Who we are and why we do what we do.   (Please scroll down for 'Family Newsletter' and 'Credentials'.)

Maggie, David and the Dogs


Magdalene (Maggie) Andres is a small town girl from Rosthern, Saskatchewan – just north of Saskatoon. I, David (Neufeld), am a farm boy from this area. We’re both from Mennonite church families and so I suppose it isn’t so unlikely that we would meet attending the University of Waterloo in Ontario where we were both associated with the Mennonite supported Conrad Grebel College. We had a bit of an unconventional courting and wedding and then took off to work for Mennonite Central Committee for 10 years in South Africa, Lesotho and Saskatoon before settling onto our homestead in the Turtle Mountains. All four children were born while we were with MCC.

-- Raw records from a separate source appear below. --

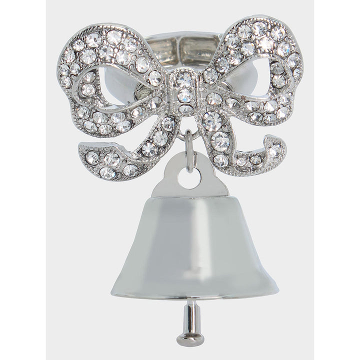 This Prenup Bell Ring Crystal by Betseyjohnson is a whimsical cocktail ring perfect for a fun, bold statement. Featuring a glistening bow paired with a dangling cowbell, this playful ring adds a touch of charm to any outfit.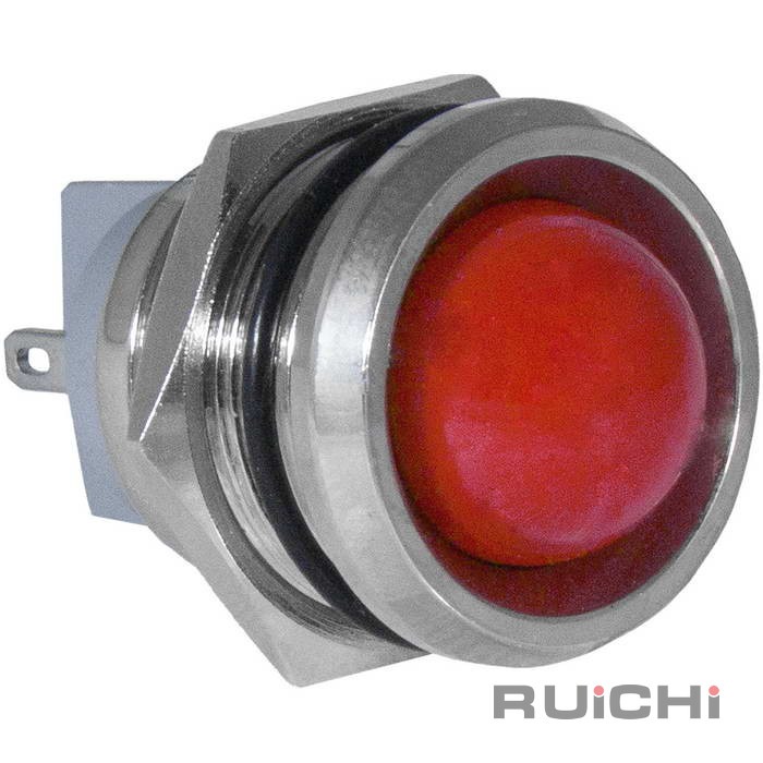Индикатор антивандальный RUICHI GQ16PR-R, цвет красный, точечный излучатель, 12-24 В, 15 мА, гибкие выводы, никелированная латунь - это источник света для демонстрации электрических процессов в приборах. Конструктивно представляет собой модуль индикации, оснащенный контактным блоком, к которому припаиваются или присоединяются проводники.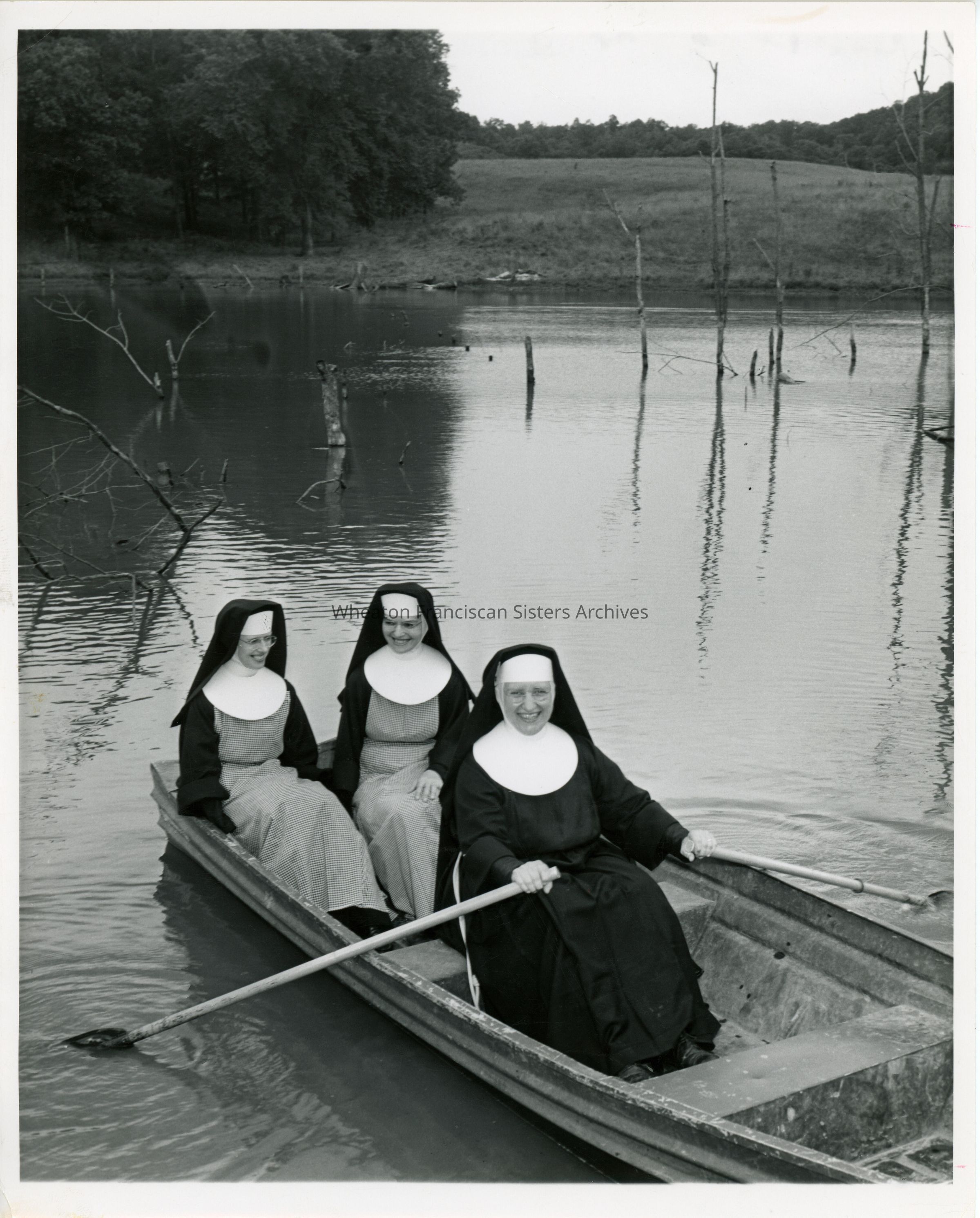 Sisters in Cape Girardeau, Missouri. This image features, from left to right, Sister Margaret (Audrey) DeHaus, Sister Alma (Giles Teder) and Sister Gertrude (Virgilia) Beikler. The women were enjoying a boat ride at the Fuerth Farm.

Kholiswa (Kholi) was born under a lightning filled sky in ’84 at the Umtata, South Africa hospital with mauve flowered Jacaranda trees up and down the street. Ezra (Ez) was born three weeks overdue during house renovations in ‘87 in my parent’s home a few kilometers from here. Teyana (T) came to us in ‘89 in our tiny cement brick home in Maseru, Lesotho while her grandmother (Anne) was visiting and making fresh bread and borsht. Jonah (Joey) completed the family in ’90 at our home/MCC guesthouse in Maseru with an excited group of family, friends and neighbours waiting on the sidelines.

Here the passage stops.